Во-вторых, интертекстуальность вовсе не является понятием, описывающим генезис текста в плане его источников. Это понятие базируется на роли читателя, а не авторской активности и отсылает к процессу образования смысла, ассоциативного по своей природе. Иными словами, текст может быть интерпретирован не только на фоне предшествующих, но и последующих текстов, в зависимости от позиции читателя. Здесь важно то, что интертекстуальность как практика интерпретации представляет собой не результат как выявление конечного числа культурных кодов, а бесконечный, незавершенный и незавершимый процесс смыслообразования, жизни текста в культуре. Здесь на первое место становится вопрос «читательской компетенции», способности читателя увидеть многообразие текстов и кодов в данном тексте.

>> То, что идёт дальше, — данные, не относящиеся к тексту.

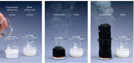 Sulfuric acid đặc có tính phá hủy cực mạnh nhưng vẫn chưa thấm vào đâu so với siêu acid. (trong ảnh: phản ứng của sulfuric acid đặc với đường).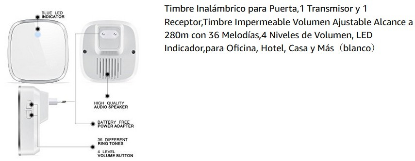 Para no tener que cablear desde el semisótano-garaje hasta la casa, he utilizado un timbre inalámbrico que vale poco más de 10 Euros.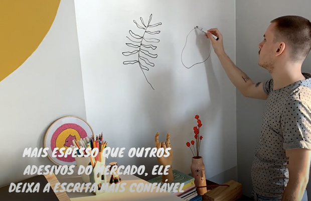 Apenas um cuidado: O adesivo funciona sobre qualquer pintura de tinta acrílica desde que tenha sido aplicado o fundo adequado, pois infiltrações e umidade podem danificar a película. Caso a superfície esteja irregular ou com texturas, isso também dificultará a escrita e a limpeza.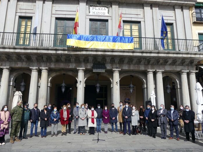 Decenas de ciudadanos y representantes de las instituciones segovianas acuden a la convocatoria del Ayuntamiento de Segovia para expresar su apoyo al pueblo ucraniano, víctima de la barbarie de la guerra por la invasión rusa y sumido en un éxodo masivo para huir de las bombas.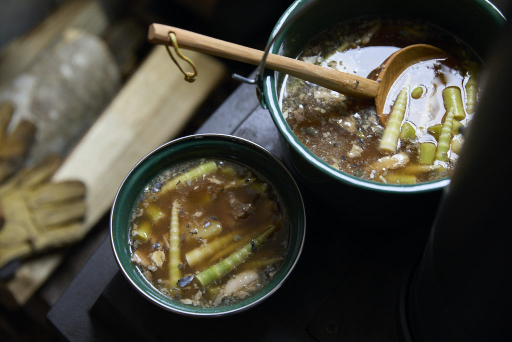 このパイオニアキャンプセットは、焚き火を中心に暮らすキャンプシーンを想定してつくられたクッキングツールだという。ならば、山の生活にマッチしないわけがない。
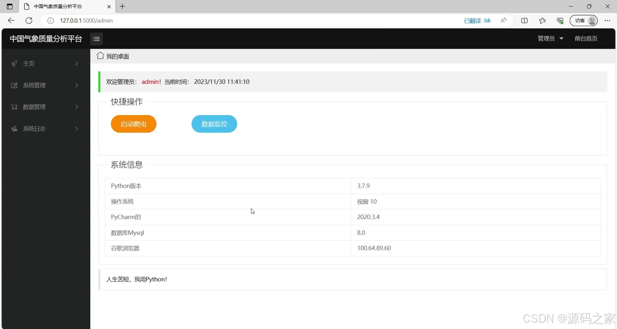 该页面是中国气象质量分析平台的管理员后台首页,展示管理员欢迎信息与当前时间,提供启动爬虫、数据监控的快捷操作入口,同时呈现系统运行的相关环境信息,方便管理员进行系统运维与数据采集操作。

«Типология интертекстуальных элементов» Н. А. Фатеевой выделяет также такие элементы, как гипертекстуальность, архитекстуальность и интертекст как троп. Гипертекстуальность является способом пародирования одним текстом другого, архитекстуальность – жанровой связью текстов. Кроме того, интертекст может рассматриваться как троп или стилистическая фигура. Интертекстуальная связь становится особенно выразительной, если ссылка на прецедентный текст входит в состав тропа или стилистического оборота.

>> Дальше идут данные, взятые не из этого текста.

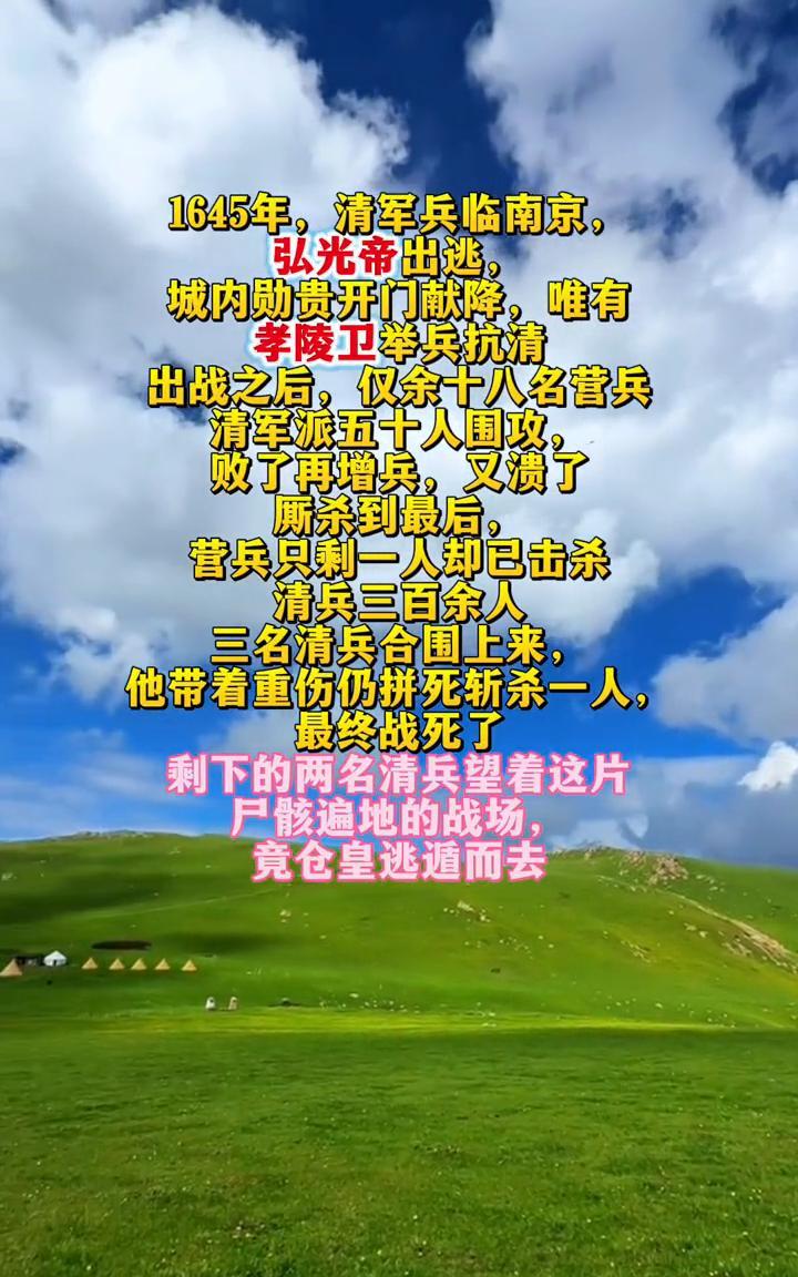 1645年,清军兵临南京,弘光帝出逃。城内勋贵开门献降,唯有孝陵卫举兵抗清。出战之后,仅余十八名营兵。清军派五十人围攻,败了再增兵,又溃了。厮杀到最后,营兵只剩一人却已击杀清兵三百余人。三名清兵合围上来,他带着重伤仍拼死斩杀一人,最终战死了。剩下的两名清兵望着这片尸骸遍地的战场,竟仓皇逃遁而去。

Таким образом, типологически выделяются шесть классов интертекстуальных элементов, обслуживающих различные виды межтекстовых связей:

1) собственно интертекстуальность, конструкция «текст в тексте», включающая цитаты и аллюзии;

2) паратекстуальность, включающая соотношения «заглавие – текст», «эпиграф – текст»;

3) метатекстуальность, характеризующаяся созданием конструкций «текст о тексте»;

4) гипертекстуальность, характеризующаяся созданием пародий на прецедентные тексты;

5) архитекстуальность, которая представляет собой жанровую связь текстов;

6) интертекстуальные явления: интертекст как троп, интермедиальные тропы, заимствование приема, влияния в области стиля.

 

 

2 Интертекстуальность в творчестве Т. Кибирова

 

 

Практически все жанры, которые использует Кибиров в своем творчестве, пародийно обыгрываются, отсюда возникает видимый эффект внутреннего разрушения жанра. Однако Кибиров пародирует не жанры, но сам тип лирического сознания, который в этих жанрах воплощался. Особенно часто деконструкции подвергается романтический тип сознания. Классицистическая традиция, воплощенная в некоторых стихотворениях, связанных с жанром песни, также осмысляется поэтом иронически.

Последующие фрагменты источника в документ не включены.